■ DATA FOR ANALYSIS

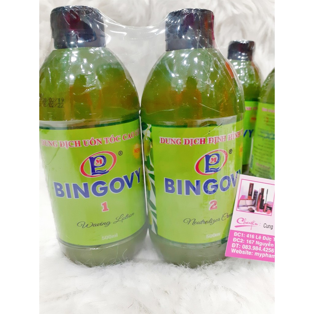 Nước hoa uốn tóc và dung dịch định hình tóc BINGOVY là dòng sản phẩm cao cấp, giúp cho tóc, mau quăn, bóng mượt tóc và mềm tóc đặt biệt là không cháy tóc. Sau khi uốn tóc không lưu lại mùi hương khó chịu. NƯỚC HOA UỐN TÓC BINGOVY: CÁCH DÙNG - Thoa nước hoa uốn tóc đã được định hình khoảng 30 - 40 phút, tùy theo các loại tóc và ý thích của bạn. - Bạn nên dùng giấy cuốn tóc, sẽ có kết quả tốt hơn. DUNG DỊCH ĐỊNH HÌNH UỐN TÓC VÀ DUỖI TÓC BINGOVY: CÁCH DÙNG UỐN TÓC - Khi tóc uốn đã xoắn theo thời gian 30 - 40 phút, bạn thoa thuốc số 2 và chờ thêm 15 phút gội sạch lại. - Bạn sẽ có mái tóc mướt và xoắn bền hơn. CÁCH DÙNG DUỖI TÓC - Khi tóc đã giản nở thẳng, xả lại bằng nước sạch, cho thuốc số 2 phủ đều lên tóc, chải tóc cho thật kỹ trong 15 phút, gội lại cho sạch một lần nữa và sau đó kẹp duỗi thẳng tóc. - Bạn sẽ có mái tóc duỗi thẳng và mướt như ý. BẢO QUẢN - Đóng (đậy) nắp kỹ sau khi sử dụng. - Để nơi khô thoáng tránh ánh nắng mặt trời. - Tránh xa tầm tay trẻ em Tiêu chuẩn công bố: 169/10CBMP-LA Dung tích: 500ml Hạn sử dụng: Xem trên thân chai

--

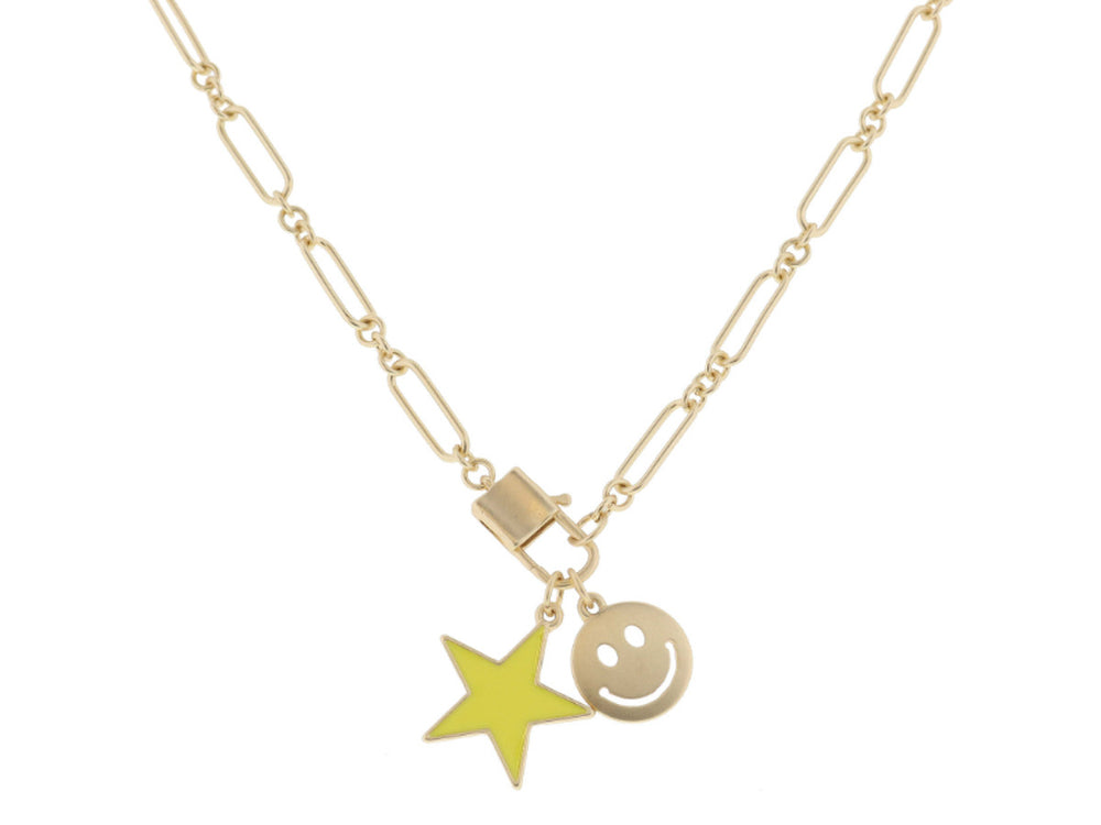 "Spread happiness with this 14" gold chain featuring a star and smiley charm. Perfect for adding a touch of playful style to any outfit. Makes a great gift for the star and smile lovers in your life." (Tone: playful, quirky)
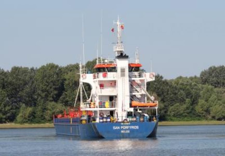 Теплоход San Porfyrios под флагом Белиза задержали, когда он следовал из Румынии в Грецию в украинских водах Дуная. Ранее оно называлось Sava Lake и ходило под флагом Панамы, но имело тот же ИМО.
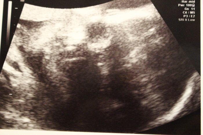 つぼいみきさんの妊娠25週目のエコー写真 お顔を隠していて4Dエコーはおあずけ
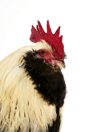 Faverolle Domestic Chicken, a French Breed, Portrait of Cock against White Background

==

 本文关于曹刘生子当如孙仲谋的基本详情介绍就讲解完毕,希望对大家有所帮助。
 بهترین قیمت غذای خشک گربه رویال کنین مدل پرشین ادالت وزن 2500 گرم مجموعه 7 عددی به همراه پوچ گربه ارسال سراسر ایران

■ EXERCISE
Set down exactly the lines above, from the line containing "つぼいみきさんの妊娠25週目のエコー写真 お顔を隠していて4Dエコーはおあずけ" through the line containing "Faverolle Domestic Chicken, a". Skip the pictures.

■ RESULT OF THE TASK
 つぼいみきさんの妊娠25週目のエコー写真 お顔を隠していて4Dエコーはおあずけ
 Faverolle Domestic Chicken, a French Breed, Portrait of Cock against White Background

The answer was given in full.